Highly involved parents (those who score 32 or more) are very concerned about and engaged with their children’s academic development. They monitor homework every day and teach their children how to organize themselves. They intensively tutor their children and do activities outside of the required curriculum (e.g., teach their child coding, learn with the child a new poem each week). They frequently organize cultural or educational outings, enroll their children in educational courses and use every possibility to relate academic knowledge to real life. These parents often take on responsibility as the head of parental committees to help organize school events, and they intentionally build communications with the teacher. They pay considerable attention to the well-being of their children and their interests; and moderate their child’s educational life accordingly.
Fit analysis—Scenarios
In our goodness-of-fit analysis for both parents and scenarios, we employed unstandardized, weighted mean square statistics (the “Infit MNSQ” in WINSTEPS) and unweighted mean square statistics (the “Outfit MNSQ”) (Wright & Masters, 1982). These statistics are based on the residuals produced by the differences between the observed responses provided by the parents on each scenario and their expected responses under the Rasch rating scale model (Ludlow, 1983; Wright & Masters, 1982). Their expected values are 1.0. Outfit highlights particularly unusual “outlier” responses to as few as a single scenario (or parent); infit highlights relatively consistent inconsistent response patterns across the full set of scenarios (or parents).

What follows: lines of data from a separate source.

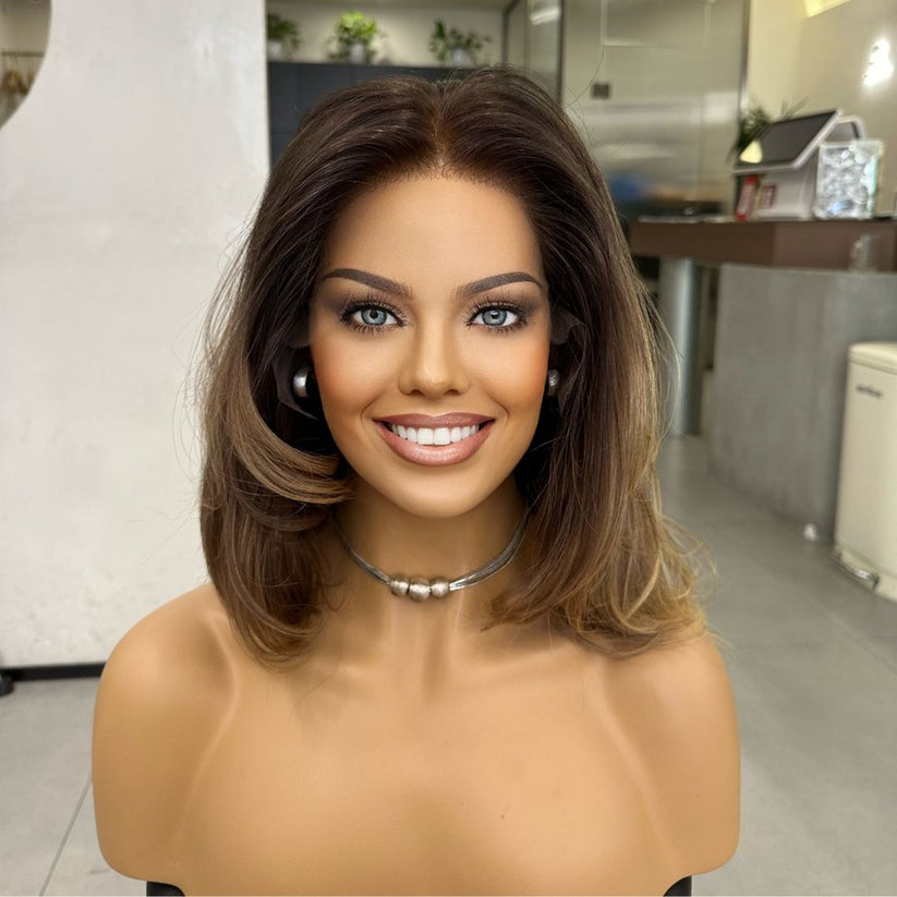 JESSICA es una peluca en capas de 45 cm que combina un rubio champán con cálidos reflejos caramelo para un look bronceado y de fácil mantenimiento. El ombré de raíces oscuras garantiza una transición natural y un mantenimiento sencillo, y las suaves ondas en capas aportan movimiento y dimensión. Ligera y cómoda, cuenta con una gorra sin pegamento forrada de terciopelo con un forro de seda opcional, lo que te permite peinarla con total libertad para el día a día o para ocasiones especiales.
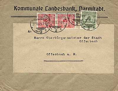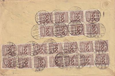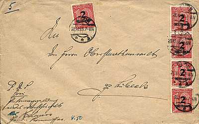 Inland cover (1-20 g) from 25.10.1923 franked with 5 stamps a 2 Million Mark on 200 Mark (=10 Million Mark) |
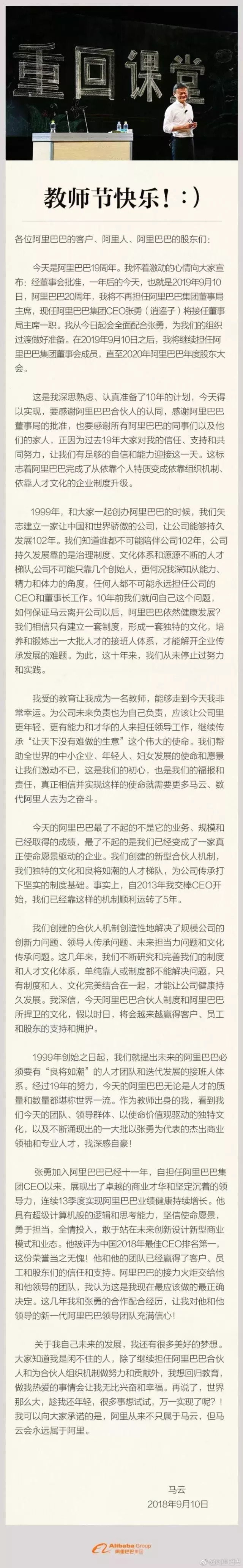 马云老师在公开信中宣布,在阿里巴巴20周年(即2019年9月10日)之际,将不再担任阿里巴巴集团董事局主席,现任阿里巴巴集团CEO张勇将接任董事局主席一职。
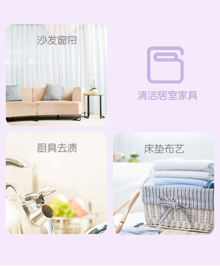 家具清洁剂:可用于地板、家具的清洁,去除卫生间、厨房生活垃圾的异味,去除水龙头、烧水壶的水垢、茶杯的茶垢,婴幼儿被子上的尿渍、猫砂盆除菌除异味。
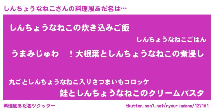 | 意味不明あだ名 | 『しんちょうなねこフォーエバー』 |

We used a liberal criterion of +1.3 to flag potential “misfit” problems (rather than the conventional criterion of 1.5; Wright & Linacre, 1994) because this relatively low criterion will minimize missing a potential problem (i.e., a protection against Type II error)—a crucial point in the development of a new instrument. Not only do these statistics highlight instances of unexpected responses but they also serve as tests of the equal discrimination assumption. Items for which high and low scoring people have responded as expected will have fit statistic values varying around 1.0. Items for which the high and low scoring people have responded in patterns opposite to what was expected (e.g., some high scoring people unexpectedly scored low on an easy scenario, or some low scoring people unexpectedly scored high on a hard scenario) will have high positive fit statistics. High positive fit statistics are associated with poor discrimination and, consequently, have poor item-total correlations (Wright & Masters, 1982). All scenarios demonstrated good fit statistics (see Table 4) according to the conventional criteria of 0.7 to 1.5 (Wright & Linacre, 1994).
Item Difficulty Estimates and Fit-Statistics.
Note. MNSQ = mean square.
Response category functioning
The category characteristic curves (Figure 2) display the probability of responding in each scoring category based on the difference between any parent’s PI estimate and any scenario’s difficulty estimate (Wright & Masters, 1982). The patterns for these curves indicate that the item categories functioned as intended: (a) category difficulty threshold estimates are well distinguished (−4.6, −0.71, 1.51, 3.8); (b) mean PI measures of those who responded in each category increased gradually from the first scoring category to the fifth (−3.1, −1.48, 0.38, 2.42, 3.9); and (c) all response category fit statistics were within the 0.7 to 1.5 range (0.86–1.25) (Linacre, 2002).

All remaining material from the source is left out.